Bochner's theorem characterizes positive definite functions on $\mathbb{R}^n$ as Fourier transforms of positive measures. In particular, the Gaussian $f(x)=\exp(-\lambda^2 \|x\|^2)$ is positive definite on a Hilbert space, being the Fourier transform of another Gaussian.

A connection between negative type and positive definiteness is as follows: $d$ is of negative type iff for every $\lambda>0$ the matrix $(\exp(-\lambda d(x_j,x_j))$ is positive semidefinite for any finite sequence of points $(x_i)$ in the metric space. Both of these are also equivalent to being isometrically embeddable into a Hilbert space.
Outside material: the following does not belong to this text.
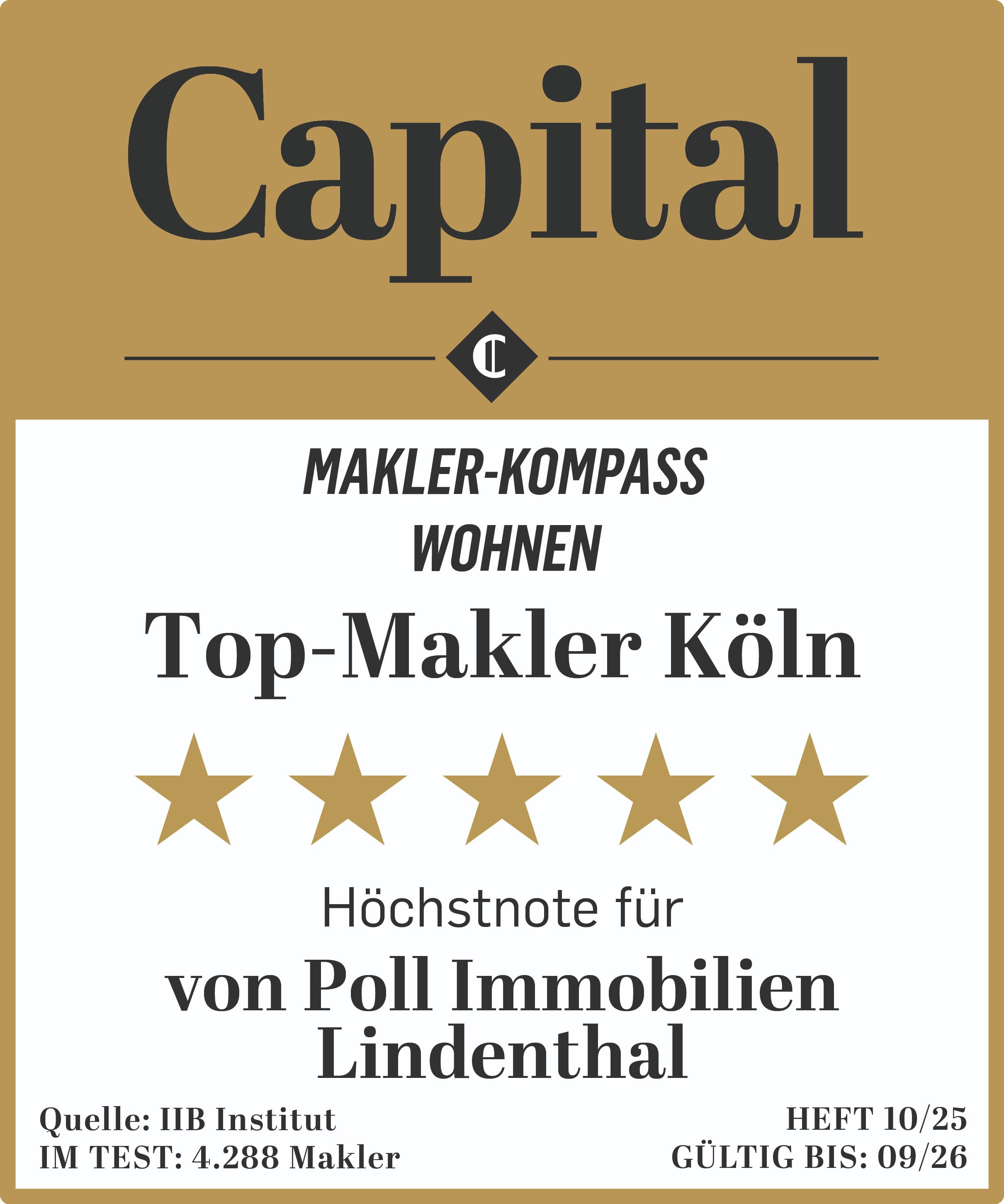 VON POLL IMMOBILIEN Köln Lindenthal wurde 2025 von Bellevue zum Best Property Agent gekürt. Bereits seit 2006 prüft eine Expertenjury – bestehend aus Juristen, Journalisten und erfahrenen Immobilienprofis – die Expertise von Maklerunternehmen. Bewertet werden dabei Kriterien wie Seriosität und Professionalität, langjährige Erfahrung und fundiertes Fachwissen, objektive Beratung und tiefgehende Marktkenntnisse, ein attraktives Angebotsportfolio und ein umfassendes Dienstleistungsangebot sowie Zuverlässigkeit und kundenorientiertes Handeln.

Finally, the identity $$ |t|^{2\alpha} =c_\alpha \int_0^\infty (1-\exp(-\lambda^2 t^2))\lambda^{-1-2\alpha}\,d\lambda $$ is used to show that the matrix $(d(x_j,x_j)^{2\alpha} )$ is almost negative definite, provided that $d$ is of negative type. A key point is that the property of being almost negative definite is preserved under addition.